Live concert video series by Grateful Dead

View from the Vault is a four-part series of live DVDs and companion soundtracks by the Grateful Dead. The audio is taken from the soundboard and the video from the video screens at the concerts. Each volume was released simultaneously as an album on CD and as a concert performance video on DVD.

==Volumes==
The first volume was recorded and filmed at Three Rivers Stadium in Pittsburgh on July 8, 1990 with bonus material recorded two days earlier at Cardinal Stadium, Louisville. The soundtrack was released as a 3-CD set.

The second volume features the June 14, 1991 concert at Robert F. Kennedy Stadium in Washington, D.C., and bonus material from a show at the same venue on July 12, 1990. It is the only Grateful Dead video release featuring Vince Welnick and Bruce Hornsby. The DVD contains one track that is not on the CD, "Box of Rain", recorded at the 1990 show. It also includes a music video, "Liberty", directed by Justin Kreutzmann, the son of Dead drummer Bill Kreutzmann.

The third volume contains the June 16, 1990 show at the Shoreline Amphitheatre in Mountain View, California. The album also includes six songs from a show at the same venue on October 3, 1987. One of these is "My Brother Esau", the first appearance of this song on CD.
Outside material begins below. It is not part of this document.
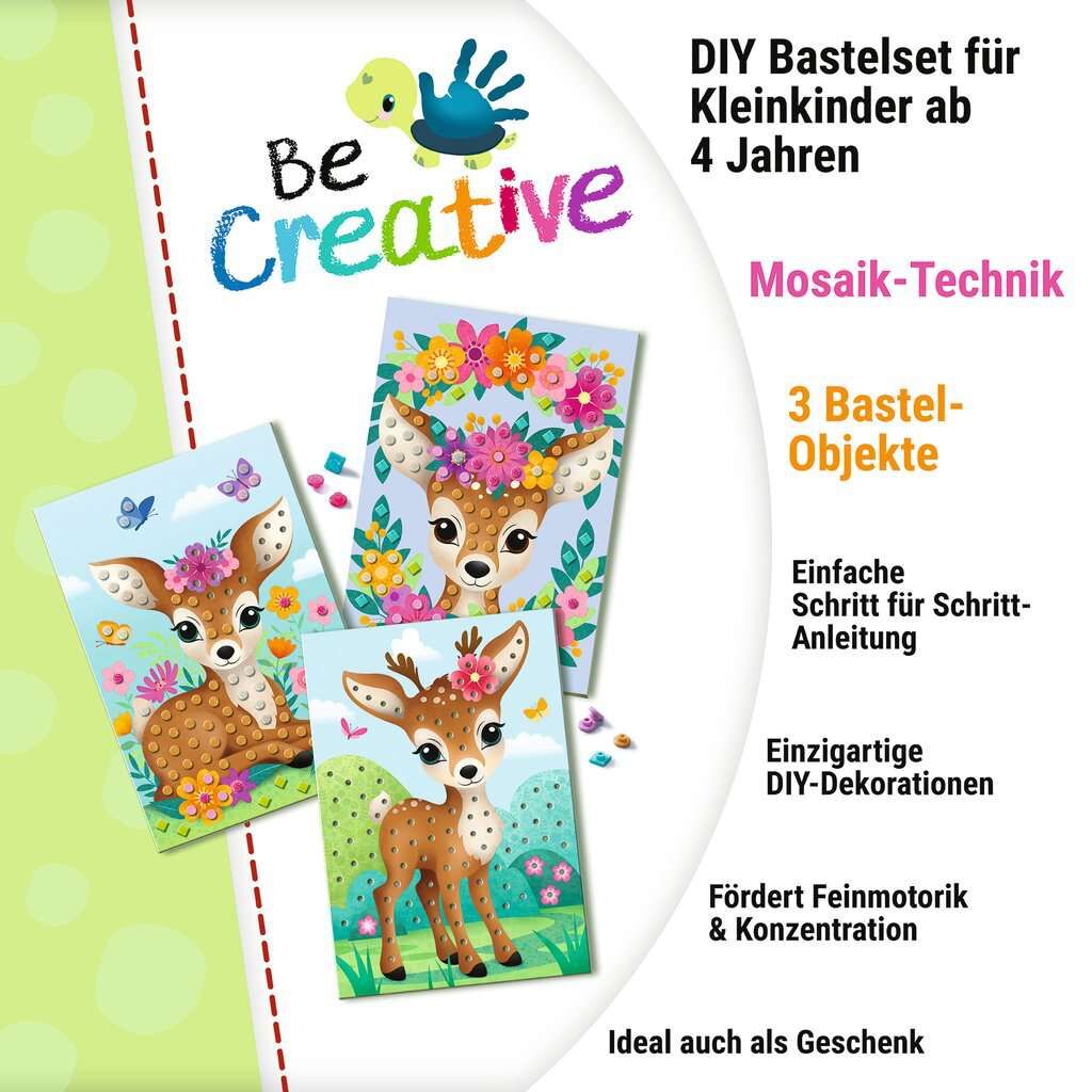 Mit dem BeCreative-Bastelset Mosaik Mein Bambi von Ravensburger können Kinder ab 4 Jahren 3 farbenfrohe Mosaikbilder basteln. Die entstandenen Bilder können immer wieder zu neuen Kunstwerken umgesteckt werden. Am Ende stehen Freude, Stolz und ein Erfolgserlebn...
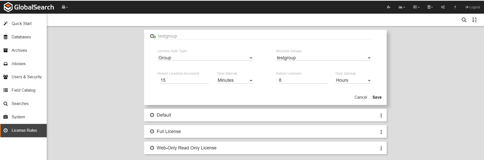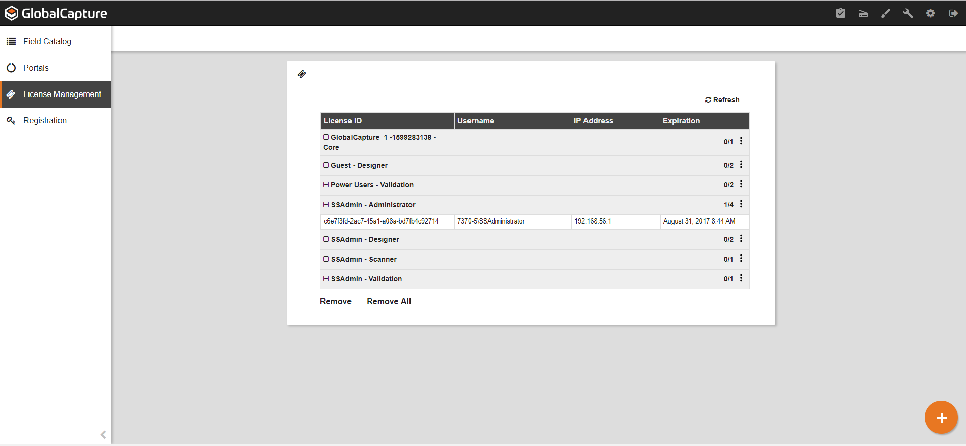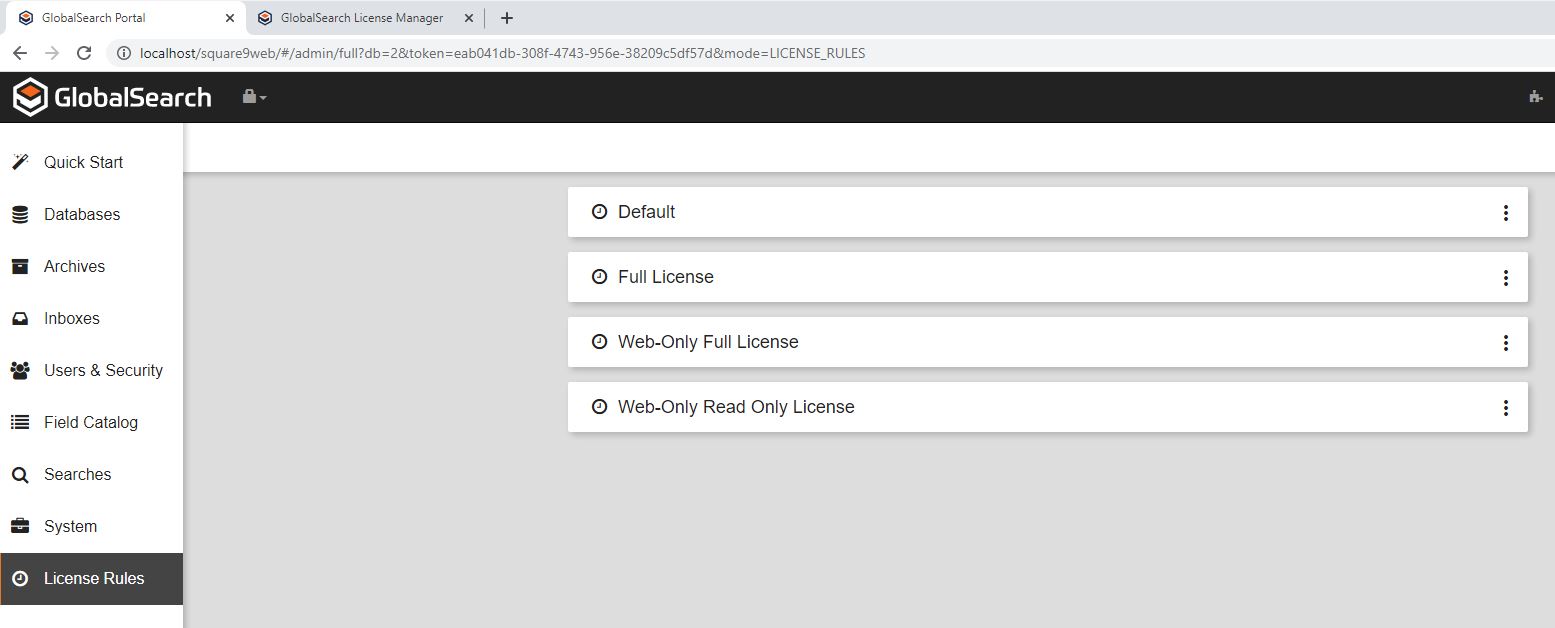 GlobalSearch desktop client and GlobalSearch web client use Token 'Licenses' to keep track of license consumption. These are commonly referred to as "Tokens" or "Seat Licenses." GlobalCapture uses a similar licensing schema, however it is separate from GlobalSearch's licensing system and will be addressed in a separate section. Token Licenses should not be confused with Feature Licensing (see above), which has to do with Registration. License Tokens exist in order to manage user sessions.

The fourth volume contains two consecutive complete shows—July 24, 1987, at Oakland Stadium, and July 26, 1987 at Anaheim Stadium. The album was released as a 4-CD set. These concerts were recorded during the "Dylan & the Dead" tour. On this brief tour, each Grateful Dead show was followed by a performance by Bob Dylan, with the Dead providing accompaniment. Songs from those performances are documented on the album Dylan & the Dead. The fourth volume was the only volume that was not also released on VHS videotape. It was also the only DVD of the series that included the option of either a two-channel stereo or a Dolby 5.1 channel surround sound soundtrack.